TASK GOAL: Starting at the line that contains "Posavasos Perro cerca", print each line exactly through the end of the listing. Skip any pictures and add nothing.

DATASET SECTION:
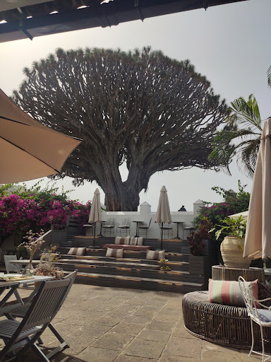 Casa del Drago has several locations, as it seems - it has a souvenir shop ranging from very artsy, unique souvenirs to the Standard hotchpotch you find at all the tourism places in the south (Shirts, Magents, strange Figures, etc). Then, it appearantly has a hotel(?) which I can say nothing about. And last but Not least, the Tapas Bar. It has a SO nice courtyard with great view to the Drago Milenario - this is really spectacular & nice to enjoy. The courtyard is framed in plants and a canopy, and there is a counter where Drinks and food are prepared. The service in the bar was not the best tough. We were ignored for quite some time and then the Team was very hectic, we didn't get a menu, weren't asked if we would like to eat something, weren't checked back if everything was fine or if we wanted something else... We took a vegan cappuccino (which was really good) and a Beer (which wasn't really cold) and then asked for some olives that were standing in big jars on the counter - these were really really tasty, so great recommendation to order olives if you like them (I love olives). Downside was that when I went to the counter to ask for them - because we were admiring them in the jars - we were brought a small bowl that was already standing on the counter, so not fresh out of the jar.. Bit hectic, as I already wrote. So worth for the ambiente and the view for a...
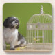 Posavasos Perro cerca de una jaula de pájaros
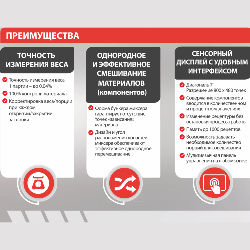 Каждый компонент перед смешиванием взвешивается с помощью тензодатчиков с классом точности - СЗ, что соответствует комбинированной погрешности +/- 0,02% - Простота управления
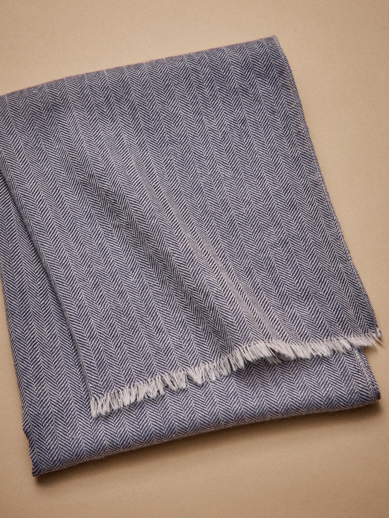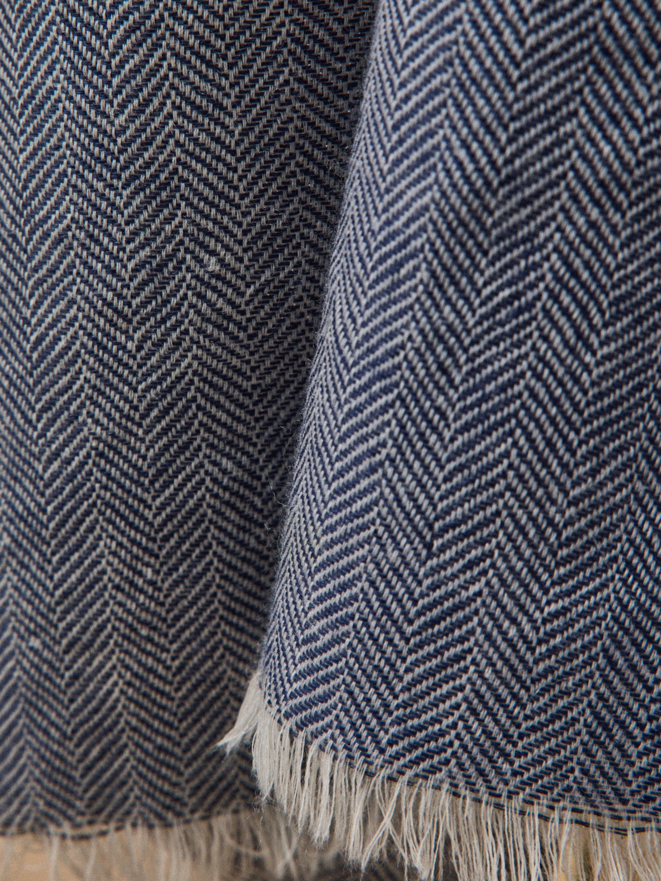 Trendy herringbone on a scarf that's quite thick, quite long and quite warm in modern and elevated green.

ANSWER TO THIS EXERCISE:
 Posavasos Perro cerca de una jaula de pájaros
 Каждый компонент перед смешиванием взвешивается с помощью тензодатчиков с классом точности - СЗ, что соответствует комбинированной погрешности +/- 0,02% - Простота управления
 Trendy herringbone on a scarf that's quite thick, quite long and quite warm in modern and elevated green.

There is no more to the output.